Islam Said (Arabic: إسلام سعيد), referred to as Islam Chipsy, is a member of Egyptian electronic music group EEK, whose style incorporates elements of traditional Arabic wedding and electronic instruments. Their style is seen as part of a new wave of Shaabi music, referred to as Electro Shaabi or Mahraganat (Arabic: مهرجانات).

Career 
Said plays the keyboard alongside two other band members, both drummers. They are collectively styled as "Islam Chipsy" and "EEK". Said has been referred to as a "preternaturally talented keyboard player", with a unique style consisting of blasts of tone clusters deployed by alternately punching, slapping and karate-chopping his keyboard.

Personal life 
Said adopted the stage name Chipsy when another keyboardist with the same name began to take credit for his tracks.  Supposedly, since Said was frequently seen eating Chipsy (local brand of Lay's in Egypt), people started to refer to him by the name, and it stuck.

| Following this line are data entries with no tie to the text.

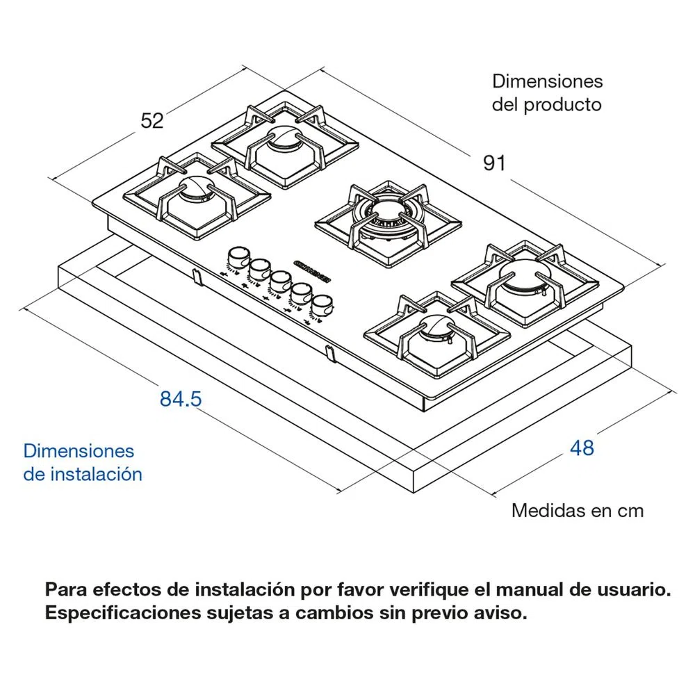 84,5 x 48 (Ancho x Profundidad) |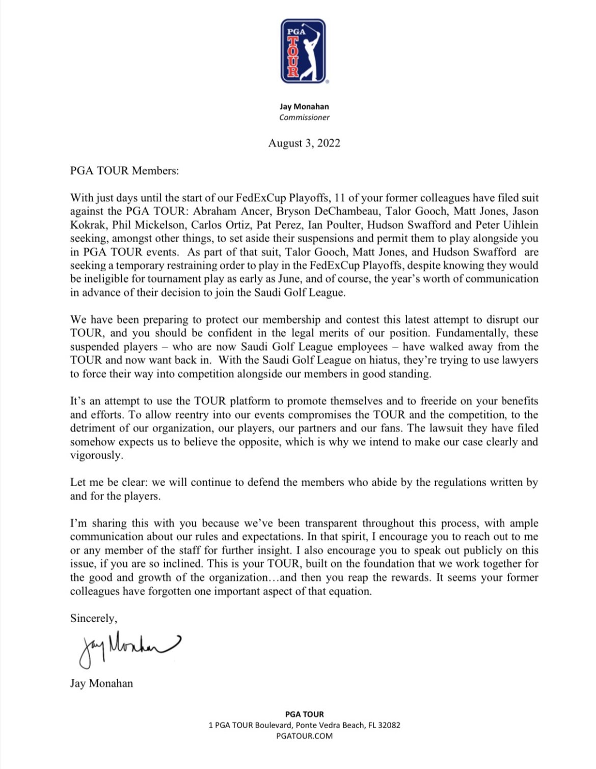 . Web Letter from Jay Monahan to PGA Tour members. Lawyers will pick that apart and he will have to say. Include your name address and daytime phone number.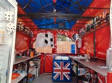 CHIOSCO BAR in perfette condizioni, omologato, dotato di progetto edile, impianto elettrico e idraulico, completamente smontabile per il trasporto. Compreso di tavoli da lavoro e lavandino. Telone di copertura intatto, impermeabile e ignifugo, di alta qualità. POSSIBILITA' DI CAMBIARE COLORE DEL TELO ESSENDO INERAMENTE SMONTABILE.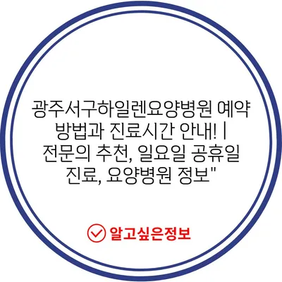 ✅ 광주서구하일렌요양병원의 예약 및 진료시간을 쉽게 알아보세요!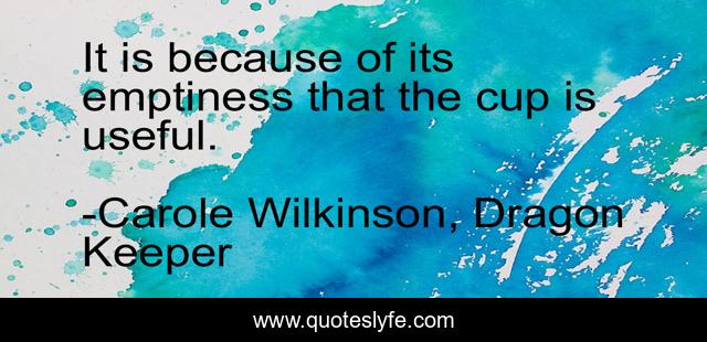 This page presents the quote "It is because of its emptiness that the cup is useful.". Author of this quote is Carole Wilkinson, Dragon Keeper. This quote is about ancient-chinese, dragons, inspirational, dragon-keeper, enthusiasm, wisdom,.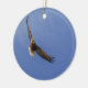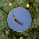Uma águia-careca adulta numa curva afiada, realçada por um céu azul.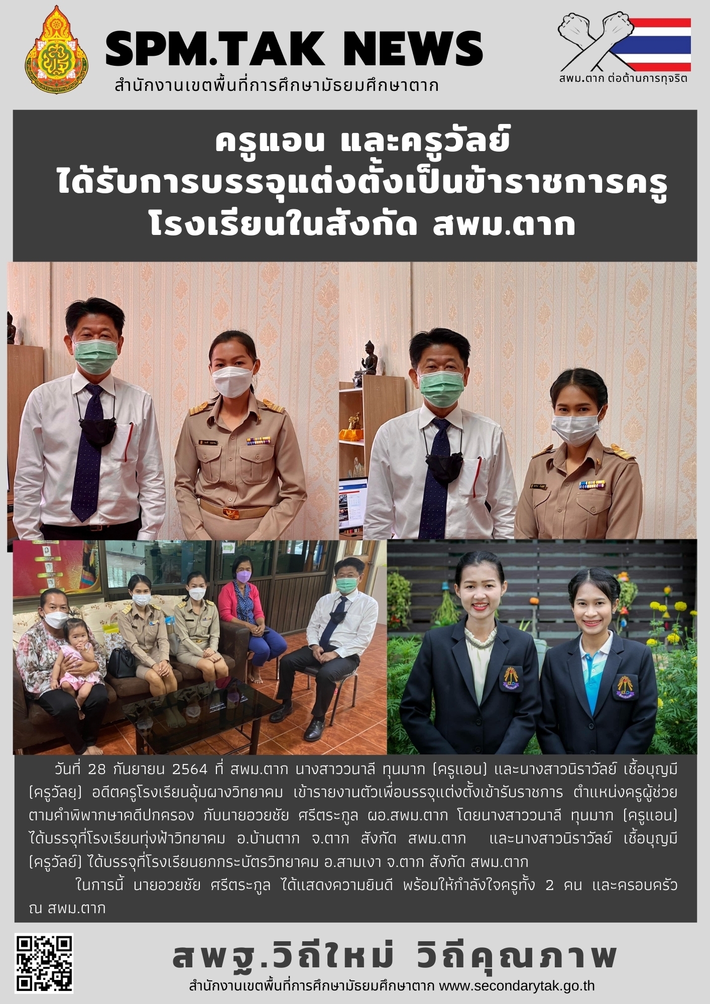 ในการนี้ นายอวยชัย ศรีตระกูล ได้แสดงความยินดี พร้อมให้กำลังใจครูทั้ง 2 คน และครอบครัว ณ สพม.ตาก

He has become more prominent in Western media along with other Electro Chaabi artists such as Sadat, Figo and Alaa Fifty Cent, all coming from 100COPIES label in Cairo, where Said signed an open contract in 2014.

Said does not want to be associated with the Mahraganat movement, as it is very much based on MCs, and his genre is generally instrumental. His success has been propelled by the development of the Shabbi selection and deviates from its main patterns. In Western countries, he has been aided by the spread and circulation of Middle Eastern music online.

Said collaborates with Dubstep producers from the United Kingdom, such as Faze Miyake, Kode 9, Pinch, Mumdance and Artwork, as part of working with the British Council.